Set down the entries below exactly, leaving out all images.

RECORDS –
________

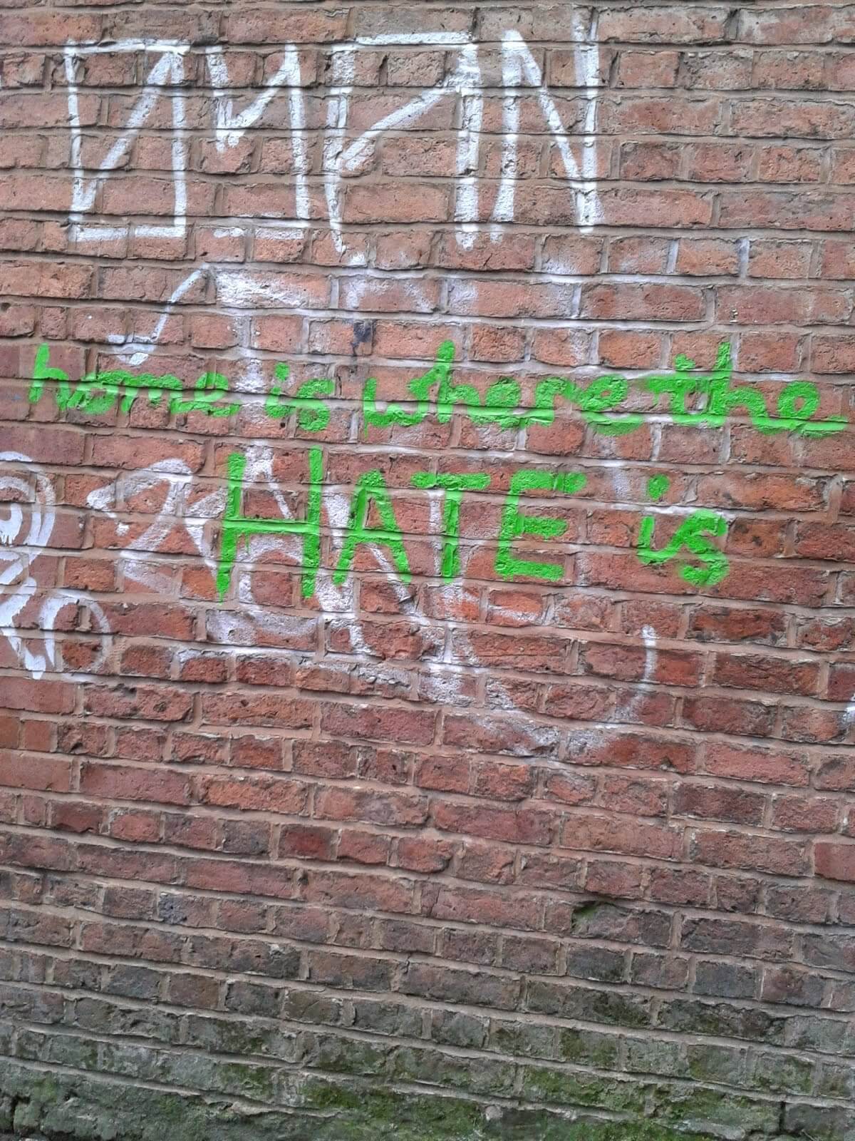 Immensely intriguing, however, were the capricious designs on the walls. One fine rainy (surprise surprise) morning, I chanced upon the words ‘Home is where the hate is’, and remained transfixed. There was a story in those words, and I wouldn’t rest until I had played out all possible scenarios. Was it a teen fed up with home? Or a homeless adult cast away?
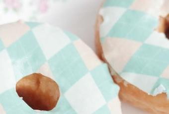 Recortar y humedecer ligeramente el donuts con un poquito de agua lo suficiente para que el papel se quede pegado a la glasa.Presionamos un poco con los dedos y dejar reposar toda una noche, es importante ya que con el calor y la humedad el papel perderá la rigidez y cogerá la forma del donuts.¡Voilà! Listo para comer o impresionar!
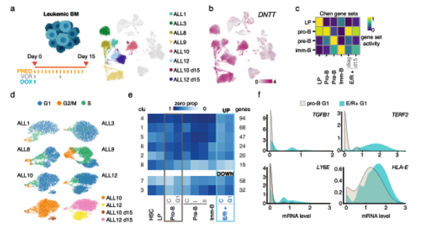 為了表征ALL(E/R)中常見的TF融合的白血病細(xì)胞,本研究對(duì)6個(gè)兒童E/R+ pre-B-ALL病例進(jìn)行了scRNA-seq,收集6個(gè)診斷期和2個(gè)誘導(dǎo)化療第15天的BM樣本(圖 3a)?;贒NTT表達(dá)及其與正常BM細(xì)胞類型的明確分離,確定了每個(gè)供體中的白血病細(xì)胞簇(圖 3b)。基于B細(xì)胞譜系簇特異性基因集,發(fā)現(xiàn)診斷時(shí)白血病母細(xì)胞類似于pro-B分化狀態(tài)(圖 3c)。該分析同樣將pro-B細(xì)胞鑒定為*接近的正常分化狀態(tài),這與之前的研究一致。細(xì)胞周期狀態(tài)在不同情況下不同,ALL3中的循環(huán)細(xì)胞比例*低,ALL9中的*高比例(圖 3d)。對(duì)于具有中期誘導(dǎo)治療的2個(gè)病例(ALL10 和 ALL12),在第15天收集的樣本中細(xì)胞分離為不同的細(xì)胞狀態(tài)(圖 3a、d),表明治療進(jìn)一步改變了白血病細(xì)胞狀態(tài)。
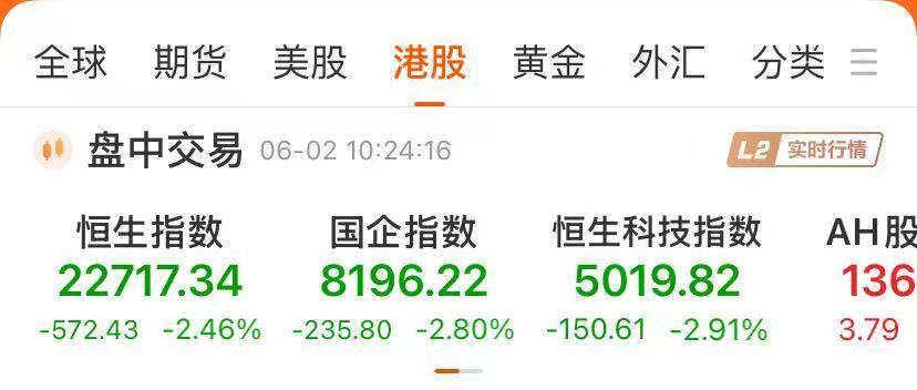 亚洲股市开盘走弱,港股低开低走,恒生科技指数跌近3%,恒生指数跌2.46%。
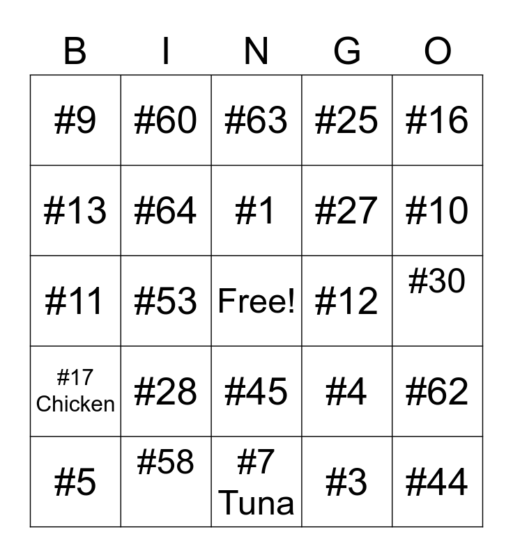This bingo card has a free space and 24 words: #28, #58, #1, #5, #16, #9, #13, #60, #12, #45, #27, #11, #4, #62, #64, #3, #30, #63, #10, #53, #44, #17 Chicken, #25 and #7 Tuna.
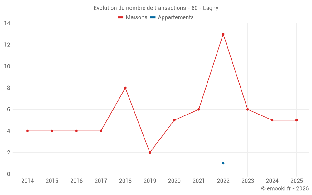 Le prix médian sur les 14 transactions de maisons des 24 derniers mois dans la commune de Lagny était de 1 396 € par mètre carré pour une valeur foncière médiane de 137 250 €. Sur cette période 60% des transactions se sont situées entre 963 et 1 851 € par mètre carré (du 2ème au 8ème déciles).
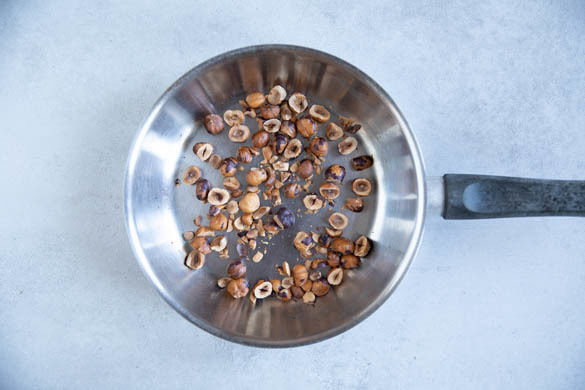 Die Nüsse grob hacken und in einem kleinen Topf bei mittlerer Hitze 30–90sek. goldbraun anrösten. Zum Abkühlen auf einem Teller beiseitestellen. Den Topf für den nächsten Schritt aufbewahren.
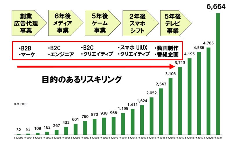 同社では、事業の成長スピードに合わせて必要なスキルを定義し、数年ごとに社内外のリソースを組み合わせたリスキリングプログラムを実施しています。
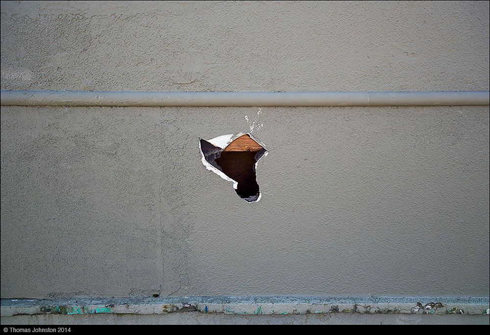 The four pictures included here document the change of a specific place, a wide shot and a close-up, one of each, made some 18 months apart. I was inspired to take the above pictures, and thought it would be interesting to compare the four images. I was certain that this new shape was related to the one in the earlier picture, and as I thought about the shape, the hole in the wall, most likely the result of a construction accident, I wondered, why hadn’t it been patched, going on nearly two years? Perhaps this property will soon be razed as part of the urban renewal of this neighborhood.
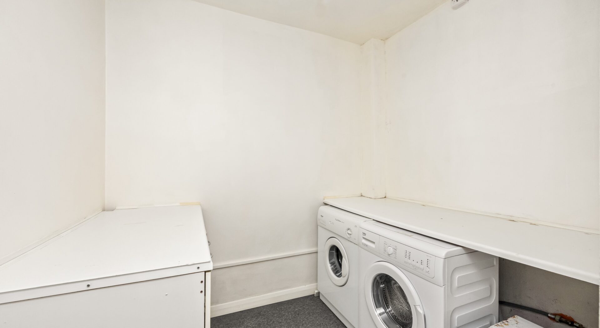 The kitchen is practical, featuring wooden cabinetry, a modern integrated oven, gas hob, and sleek extractor fan, all illuminated by a generous window that brings in ample day light. The bathroom has a modern bath-tub with a dark tiled backsplash, complemented by minimalist design and neutral tones. A dedicated utility room comes complete with a washing machine, dryer, and plenty of countertop space, streamlining household tasks. The inviting hallway, with freshly painted walls and plush carpeting, adds comfort and warmth as you move through the home.
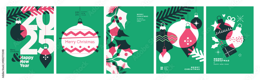 Set of Christmas and New Year Cards. Vector illustration concepts for graphic and web design, social media banner, marketing material. #1002773548
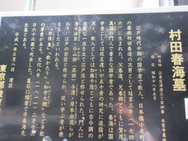 東京の清澄白河の散策で発見したお墓です。江戸時代に星加の問屋さんに生まれた、国学者のお墓だそうです。歌人としても有名で、門人もたくさんいた有名人だったそうですが、今回調べて初めて知りました。本誓寺というところにあって、説明板もあるのでわかりやすいですが、特に目立つ感じではないかな。ちょっと白っぽいお墓でした。
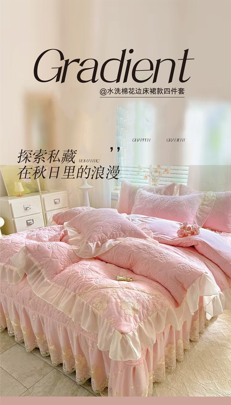 (总)漫布云 2026新款230g高克重韩版立体盘花牛奶蚕丝绒绣花四件套床裙款被套-洛丽塔系列,洛丽塔-嫩黄 ,洛丽塔-香芋紫 , 洛丽塔-珍珠粉,洛丽塔-婴儿蓝
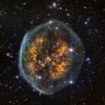 この画像に映っているのは、地球から約1万光年離れたところにある「AFGL 4106」という天体です。画像は、ヨーロッパ南天天文台(ESO)の超大型望遠鏡(VLT)に設置された観測装置「SPHERE」で撮影されました。オレンジ色に広がる複雑な雲の中心に、寄り添うように2つの「黒い点」が見えます。それらは、この天体の主役である2つの巨大な星の位置を示しています。

________

RESPONSE BOX –
 Immensely intriguing, however, were the capricious designs on the walls. One fine rainy (surprise surprise) morning, I chanced upon the words ‘Home is where the hate is’, and remained transfixed. There was a story in those words, and I wouldn’t rest until I had played out all possible scenarios. Was it a teen fed up with home? Or a homeless adult cast away?
 Recortar y humedecer ligeramente el donuts con un poquito de agua lo suficiente para que el papel se quede pegado a la glasa.Presionamos un poco con los dedos y dejar reposar toda una noche, es importante ya que con el calor y la humedad el papel perderá la rigidez y cogerá la forma del donuts.¡Voilà! Listo para comer o impresionar!
 為了表征ALL(E/R)中常見的TF融合的白血病細(xì)胞,本研究對(duì)6個(gè)兒童E/R+ pre-B-ALL病例進(jìn)行了scRNA-seq,收集6個(gè)診斷期和2個(gè)誘導(dǎo)化療第15天的BM樣本(圖 3a)?;贒NTT表達(dá)及其與正常BM細(xì)胞類型的明確分離,確定了每個(gè)供體中的白血病細(xì)胞簇(圖 3b)。基于B細(xì)胞譜系簇特異性基因集,發(fā)現(xiàn)診斷時(shí)白血病母細(xì)胞類似于pro-B分化狀態(tài)(圖 3c)。該分析同樣將pro-B細(xì)胞鑒定為*接近的正常分化狀態(tài),這與之前的研究一致。細(xì)胞周期狀態(tài)在不同情況下不同,ALL3中的循環(huán)細(xì)胞比例*低,ALL9中的*高比例(圖 3d)。對(duì)于具有中期誘導(dǎo)治療的2個(gè)病例(ALL10 和 ALL12),在第15天收集的樣本中細(xì)胞分離為不同的細(xì)胞狀態(tài)(圖 3a、d),表明治療進(jìn)一步改變了白血病細(xì)胞狀態(tài)。
 亚洲股市开盘走弱,港股低开低走,恒生科技指数跌近3%,恒生指数跌2.46%。
This bingo card has a free space and 24 words: #28, #58, #1, #5, #16, #9, #13, #60, #12, #45, #27, #11, #4, #62, #64, #3, #30, #63, #10, #53, #44, #17 Chicken, #25 and #7 Tuna.
 Le prix médian sur les 14 transactions de maisons des 24 derniers mois dans la commune de Lagny était de 1 396 € par mètre carré pour une valeur foncière médiane de 137 250 €. Sur cette période 60% des transactions se sont situées entre 963 et 1 851 € par mètre carré (du 2ème au 8ème déciles).
 Die Nüsse grob hacken und in einem kleinen Topf bei mittlerer Hitze 30–90sek. goldbraun anrösten. Zum Abkühlen auf einem Teller beiseitestellen. Den Topf für den nächsten Schritt aufbewahren.
 同社では、事業の成長スピードに合わせて必要なスキルを定義し、数年ごとに社内外のリソースを組み合わせたリスキリングプログラムを実施しています。
 The four pictures included here document the change of a specific place, a wide shot and a close-up, one of each, made some 18 months apart. I was inspired to take the above pictures, and thought it would be interesting to compare the four images. I was certain that this new shape was related to the one in the earlier picture, and as I thought about the shape, the hole in the wall, most likely the result of a construction accident, I wondered, why hadn’t it been patched, going on nearly two years? Perhaps this property will soon be razed as part of the urban renewal of this neighborhood.
 The kitchen is practical, featuring wooden cabinetry, a modern integrated oven, gas hob, and sleek extractor fan, all illuminated by a generous window that brings in ample day light. The bathroom has a modern bath-tub with a dark tiled backsplash, complemented by minimalist design and neutral tones. A dedicated utility room comes complete with a washing machine, dryer, and plenty of countertop space, streamlining household tasks. The inviting hallway, with freshly painted walls and plush carpeting, adds comfort and warmth as you move through the home.
 Set of Christmas and New Year Cards. Vector illustration concepts for graphic and web design, social media banner, marketing material. #1002773548
 東京の清澄白河の散策で発見したお墓です。江戸時代に星加の問屋さんに生まれた、国学者のお墓だそうです。歌人としても有名で、門人もたくさんいた有名人だったそうですが、今回調べて初めて知りました。本誓寺というところにあって、説明板もあるのでわかりやすいですが、特に目立つ感じではないかな。ちょっと白っぽいお墓でした。
 (总)漫布云 2026新款230g高克重韩版立体盘花牛奶蚕丝绒绣花四件套床裙款被套-洛丽塔系列,洛丽塔-嫩黄 ,洛丽塔-香芋紫 , 洛丽塔-珍珠粉,洛丽塔-婴儿蓝
 この画像に映っているのは、地球から約1万光年離れたところにある「AFGL 4106」という天体です。画像は、ヨーロッパ南天天文台(ESO)の超大型望遠鏡(VLT)に設置された観測装置「SPHERE」で撮影されました。オレンジ色に広がる複雑な雲の中心に、寄り添うように2つの「黒い点」が見えます。それらは、この天体の主役である2つの巨大な星の位置を示しています。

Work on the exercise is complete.